Broader consequences
The consequences extend beyond personal encounters. Shehla Faizi, the Green Party candidate for Texas Comptroller, said anti-Muslim hostility discourages political participation and contributes to the underrepresentation of Muslims in public office — Texas currently has only two Muslim state legislators.
Persistent discrimination, she said, creates psychological pressure that pushes Muslims to reduce their public visibility simply to avoid becoming targets.
The hostility has also surfaced in debates over Texas social studies standards. The Republican-controlled State Board of Education has advanced curriculum changes emphasizing American exceptionalism and Judeo-Christian influences while reducing instruction on slavery, civil rights, world cultures, and comparative religion.
At one public hearing on the proposed standards, Syed said multiple speakers opposed teaching about Islamic civilizations and the historical role of Islam. Several presented distorted interpretations of the Qur’an while Muslim attendees sat in the audience, largely excluded from the discussion.

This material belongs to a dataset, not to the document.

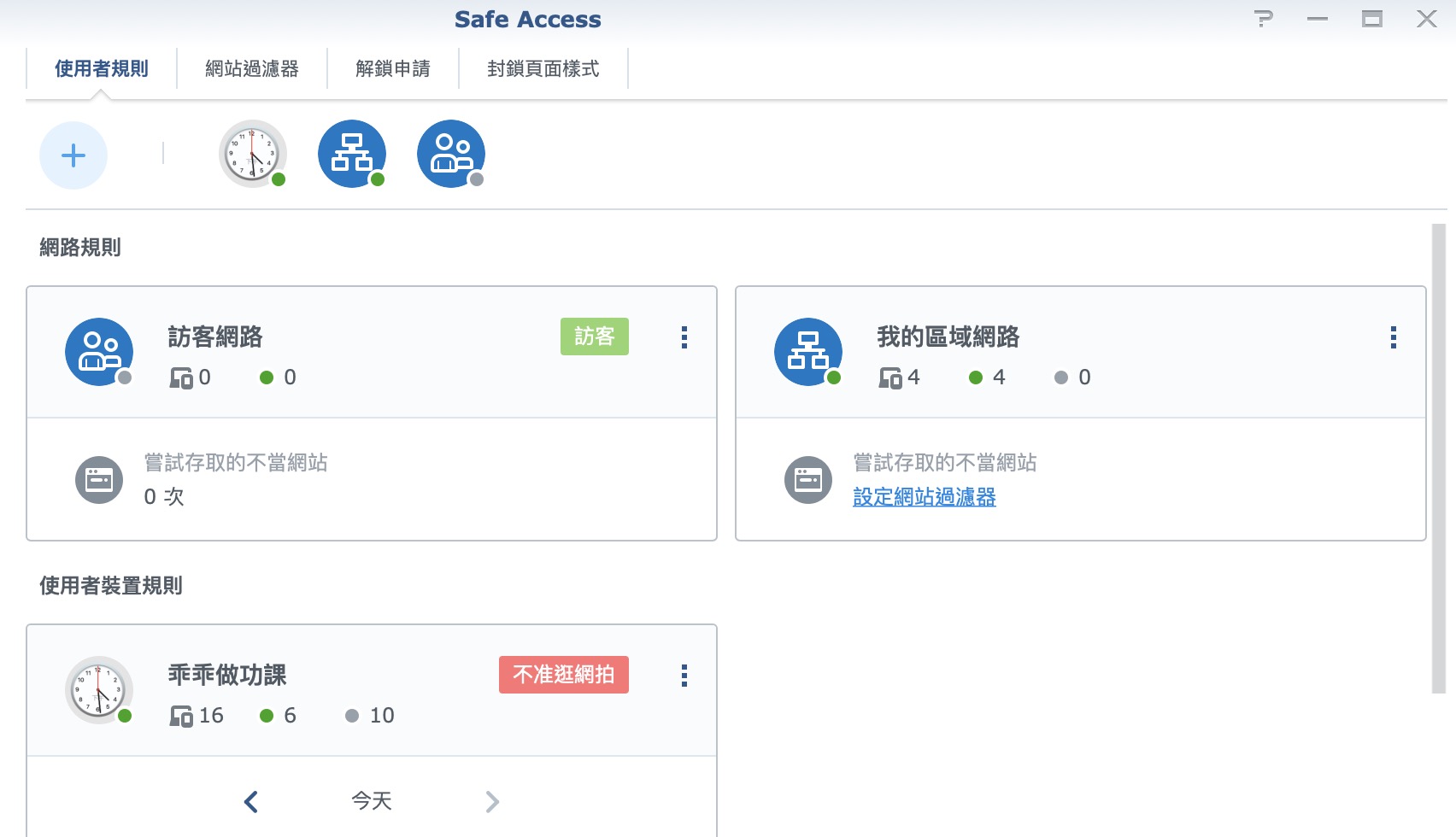 雖然以前 SRM 也可以封鎖一些網址,不過無法分群組來設定,當家庭成員各自有許多上網裝置的時候,就會顯得有點麻煩,而這次除了時間跟防止惡意網站,更加入了群組功能。

Stripping Islamic civilization from curricula does not strengthen civic education — it impoverishes it. Students who learn nothing about one of the world’s major civilizations and one of America’s own religious communities are not being educated; they are being insulated from reality.
Syed said she has repeatedly sought a meeting with Representative Keith Self, who helped establish the congressional “Sharia-Free America” caucus, hoping to explain the religious meaning of Sharia and encourage dialogue. Those requests have gone unanswered.
Interfaith caucus
Texas State Representative Dr. Suleman Lalani, one of the state’s two Muslim legislators, has responded by creating an interfaith caucus in the Texas House. During a public discussion in Houston on the politicization of religion, leaders from Muslim, Jewish, and Christian communities participated in conversations aimed at building understanding.
Lalani argued that ignorance generates fear and fear generates hatred — and that sustained engagement between communities is more effective than rhetoric built on suspicion.
Democratic State Representative Christian Manuel put it more bluntly: elected officials are exploiting public misunderstanding about Islam for political advantage, transforming ignorance into an instrument of division.
The pattern is clear.
When politicians mainstream anti-Muslim rhetoric — when they write it into party platforms, campaign on it, and defend those who act on it — the consequences land on Muslim families in grocery stores, classrooms, university prayer spaces, and convention halls. The question is not whether the hostility is real. It is whether anyone with political power in Texas intends to stop it.